The name Coldcotes appears in many street names in the area and derives from the ancient Anglo-Saxon settlement of the same name that was likely destroyed in the Harrying of the North.

The 1817 village was west of the place now called Gipton and contained the Gipton Spa, a bathhouse in what is now Gledhow Valley Woods.

The area of east Leeds from Burmantofts and Harehills to Killingbeck, Seacroft, Manston and Crossgates has a history of mining for coal, ironstone and fireclay, with a large number of pits. Gipton Pit and the railway serving it opened around 1891/92. It was owned by the Low Moor Coal and Iron Company of Bradford who held extensive mineral leases in the Harehills area. The original lease was for 40 years and covered the extraction of coal and ironstone under land at Potter Newton and Coldcotes. In 1896, the lease was renewed for another 40 years. The pit was sunk in wooded farmland between Harehills Lane and Oakwood Lane. The Low Moor Colliery Railway that linked Gipton Pit with the coal staithes on Harehills Lane can be traced for much of its original length. At the eastern end of the railway, the pit head buildings, with winding gear, two shafts and railway sidings were just north of where Thorn Mount and Thorn Walk meet. The pit was taken over by the Harehills Colliery Company in circa 1898 and closed in 1921. Much of the spoil heaps have been removed. The only remaining heap has recently been levelled and a new housing estate built.

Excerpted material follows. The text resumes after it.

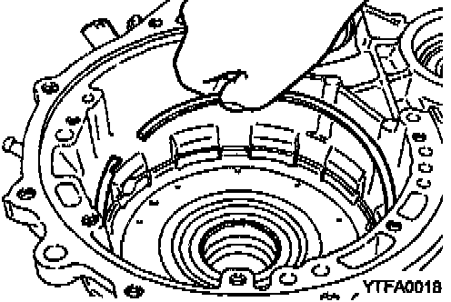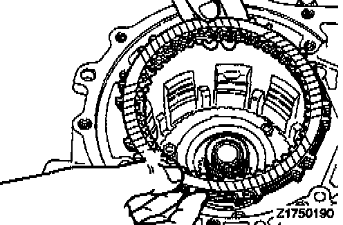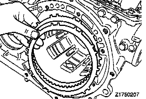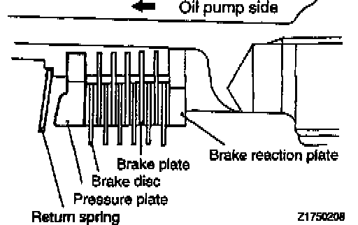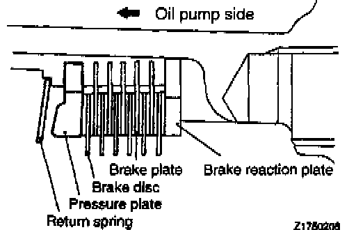 CAUTION: Blow off automatic transmission fluid from the plates and discs with low-pressure compressed air.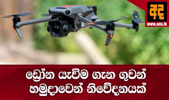 Read Moreආපදා තත්ත්වයෙන් පීඩාව පත් ප්ර දේශවල ඩ්රෝන යානා ක්රියාත්මක කිරිමේදී මහජනතාවගේ සහයෝගය ශ්රි ලංකා ගුවන් හමුදාව විසින් බලාපොරොත්තු වන බව ගුවන් හමුදාව නිවේදනයක් නිකුත් කරමින් පවසයි.

The creation of the Gipton housing estate can be traced to the work of Charles Jenkinson, the vicar of Holbeck, a poor city-centre parish. Jenkinson was familiar with the poor housing conditions of his parishioners and was determined to alleviate them. His chance came in 1933 after the Labour Party won the municipal elections and set up a Housing Committee to oversee his programme and appointed him chair. Work began on the Gipton estate in April 1934 and involved the construction of a "garden suburb" for the working classes with 2,750 houses with accommodation for around 13,000 people. The project took two years including two roads, one 150 feet wide and the other 125 feet wide with tram tracks in the centre and grass verges at the side. The tracks linked the estate to the city centre. A shopping centre with 40 shops was at the heart of the estate and secondary shopping centres were built at other points. Sites were reserved for churches, schools, playing fields, medical practitioners, dentists, and other public facilities. The scheme would cost £12 million. When complete the estate took on a character which, while not specific to the final plan, remains fundamentally unchanged today.

In the 2000s houses in some areas were demolished and replaced by a mixture of private and public housing. These included parts of the north of the estate around Amberton Road, Amberton Terrace and Amberton Close as well as parts of the south of the estate around Brander Road and Greenview Mount. The streets to the south of the estate to be demolished had suffered from vacation, neglect and arson prior to demolition.